May 29, 2009, 07:47 PM —  Zoho Corporation — 

Inevitable comparisons are made between the hugely enthusiastic developer response (including from us at Zoho) to Google Wave yesterday with the relatively tepid response to Microsoft's new search engine Bing. The real interesting contrast to us, as independent software developers, is the way developers responded to Silverlight as opposed to the reaction yesterday to Google Wave. Both Silverlight and Wave are aimed at taking the internet experience to the next level. To be perfectly honest, Silverlight is a great piece of technology. Google Wave, as yet, is not much more than a concept and an announcement.

It is easy to dismiss all this with, “Oh, the press just loves to hype everything Google and loves to hate Microsoft,” but that cannot explain why even competitors like us are willing to embrace Google's innovations, but stay away from perfectly good innovations from Microsoft, such as Silverlight?

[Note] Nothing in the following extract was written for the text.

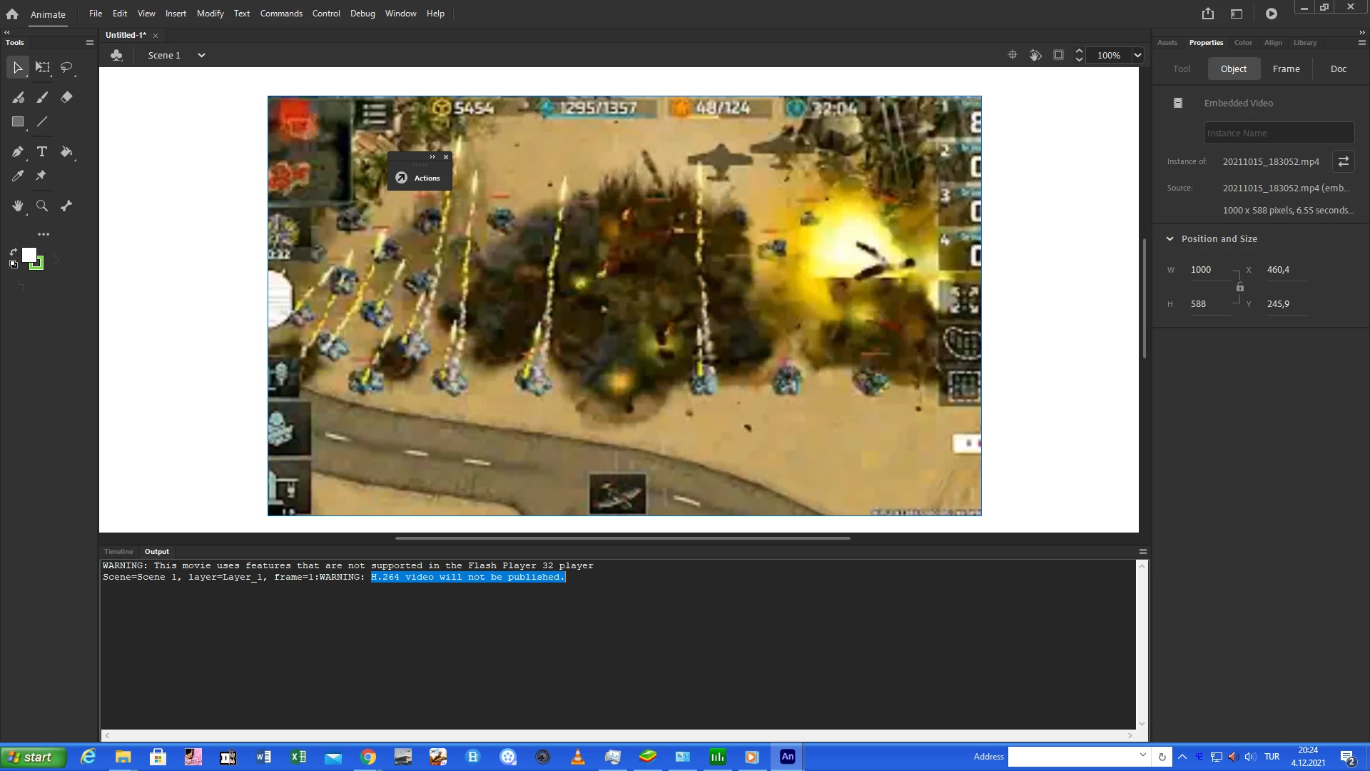 I Imported An MP4 (H.264) Video Into Animate And Can't Export (Publish) It

It comes down to one word: karma. Microsoft just has so much bad karma in this industry that I cannot imagine a company like us trusting them on much of anything. Take Silverlight: Microsoft pledged that they will always support Silverlight on Mac and Linux, and on browsers other than IE. Do you really, really believe their promise? Let's recap some ancient history here: Microsoft used to have IE for Solaris and even had a beta of IE for Linux. That was when IE was way behind Netscape and was trying to catch up. Once Netscape was safely vanquished, Microsoft's commitment to support IE on other platforms vanished. In fact, Microsoft intentionally pulled IE on other platforms, because it was clear to them that making the web experience suck on other platforms was a way to keep Windows firmly entrenched. I am glad they adopted that strategy, because that strategy eventually paved the way for Firefox (and Safari and Chrome ...), and together those browsers have rendered the operating system utterly irrelevant. Apple's resurgence — based on design prowess, not platform dominance — and Vista's failure have demonstrated that convincingly.

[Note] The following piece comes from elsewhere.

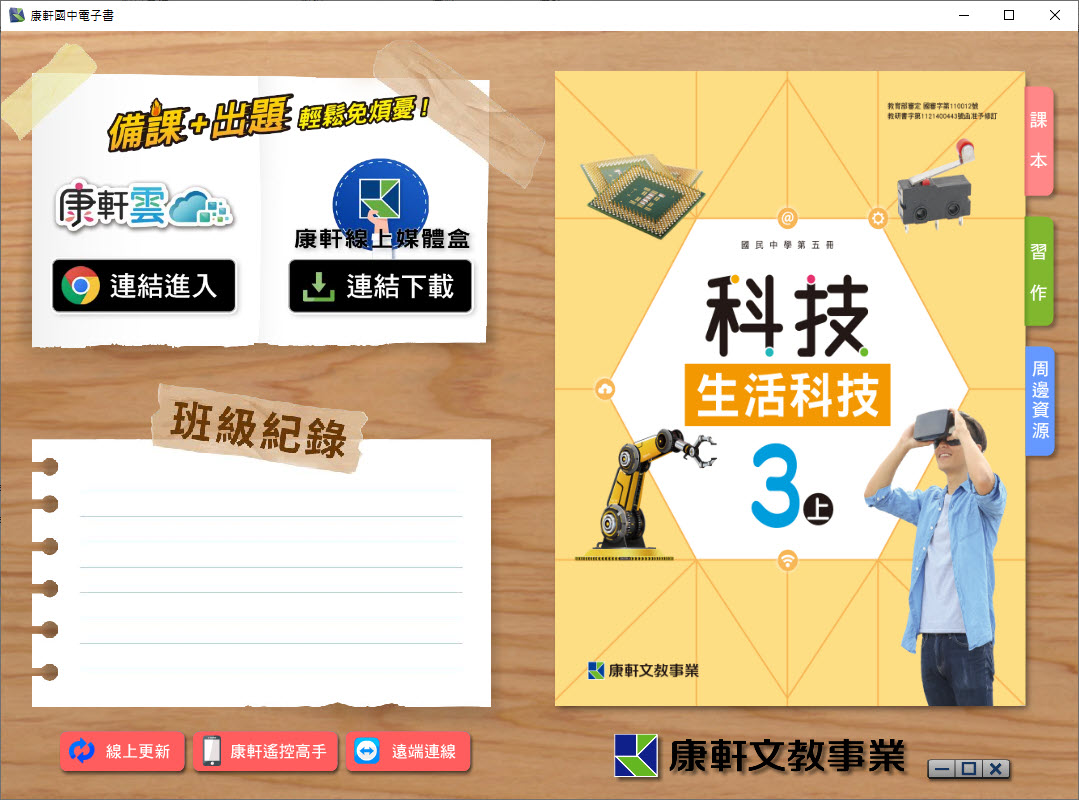 112學年上學期 國中 康軒版 生活科技電子書 3年級(含課本、習作含解答、教學資源)教學光碟

Let's try to imagine what a Google Silverlight would have been. It would have been a fully open source product from Google, with a very liberal open source license (BSD or Apache). It would have all the technical specifications published openly. They would pledge to have the Silverlight VM interoperate with JavaScript and HTML5. And a company like Zoho would have a ton of developers working on Google Silverlight-based applications by now — as opposed to having exactly ZERO developers working on Microsoft Silverlight. Please note that this has nothing to do with the technology: as I said before, I happen to agree that Silverlight is a great piece of technology.

What could Microsoft do to earn our trust? For starters, they could really support all the web standards on IE. IE is increasingly an embarrassment of a browser and a pain for developers to support.